Please note: This was screened in July 2019
Though Yann Gonzalez’s aesthetic is far more lurid and drenched in cinematic influences from all manner of makers before him, his wider conceit of making a film within a film owes a lot to the European art house cinema. Jean Luc Godard is a clear influence and the humour of Le Mepris resonates in Knife + Heart.
- Tara Judah, Watershed Cinema Curator
Jean-Luc Godard’s subversive foray into commercial filmmaking is a sumptuously stylish and sardonic study of marital breakdown, artistic compromise, and the cinematic process.
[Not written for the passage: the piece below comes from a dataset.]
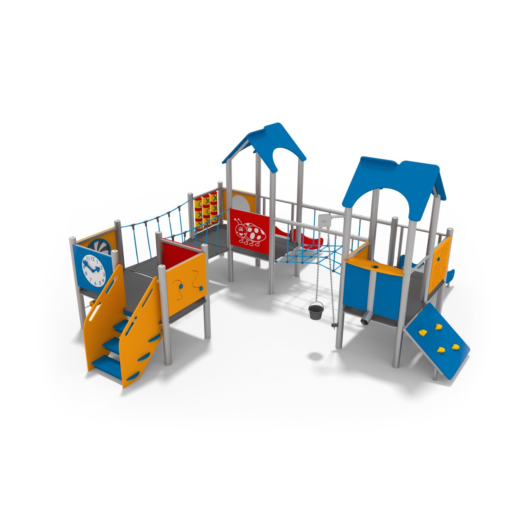 Lekställning Aloo med broar, rutschkanor och sandlek för offentlig miljö.

When failed playwright Paul (Michel Piccoli) is hired to adapt Homer’s Odyssey into a film script for a new production, he finds himself torn between the crass demands of a philistine American producer Jeremy (Jack Palance), his loyalty to the film’s director (Fritz Lang, playing himself) and his own self-respect. Whilst his producer is envisaging some kind of commercially successful, Hercules-style rip-off, his director, by contrast, wants to make an art film. To make matters worse, Paul’s indecision is getting to his increasingly disillusioned wife (an iconic performance from Brigitte Bardot) - a sexy former typist that the producer has his eye on.
Set in Italian architect Adalberto Libera’s astonishing house on the Isle of Capri and making the most of cinematographer Raoul Coutard’s luscious sun-kissed camerawork and Georges Delerue’s achingly lovely score, Godard's film is a beautiful combination of the classical with the radical.